[REQUIREMENT] Copying exactly, give the lines in the material below from the one with "Otto bands di" to the one with "天空体育:姆伯莫,谢什科和库尼亚三人在英超联赛的数据", ends included, and nothing besides.

[SUPPLIED DATA]
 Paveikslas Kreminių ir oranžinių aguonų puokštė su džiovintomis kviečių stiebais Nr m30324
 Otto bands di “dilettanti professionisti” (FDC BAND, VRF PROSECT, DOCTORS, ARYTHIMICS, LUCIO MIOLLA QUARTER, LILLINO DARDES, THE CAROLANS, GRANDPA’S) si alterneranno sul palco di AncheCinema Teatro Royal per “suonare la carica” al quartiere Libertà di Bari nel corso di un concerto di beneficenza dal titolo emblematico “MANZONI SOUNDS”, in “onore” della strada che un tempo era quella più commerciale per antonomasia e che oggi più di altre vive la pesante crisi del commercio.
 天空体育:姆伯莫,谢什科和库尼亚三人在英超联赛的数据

--

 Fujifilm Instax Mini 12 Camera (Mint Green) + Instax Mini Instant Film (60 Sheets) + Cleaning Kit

[TASK ANSWER]
 Otto bands di “dilettanti professionisti” (FDC BAND, VRF PROSECT, DOCTORS, ARYTHIMICS, LUCIO MIOLLA QUARTER, LILLINO DARDES, THE CAROLANS, GRANDPA’S) si alterneranno sul palco di AncheCinema Teatro Royal per “suonare la carica” al quartiere Libertà di Bari nel corso di un concerto di beneficenza dal titolo emblematico “MANZONI SOUNDS”, in “onore” della strada che un tempo era quella più commerciale per antonomasia e che oggi più di altre vive la pesante crisi del commercio.
 天空体育:姆伯莫,谢什科和库尼亚三人在英超联赛的数据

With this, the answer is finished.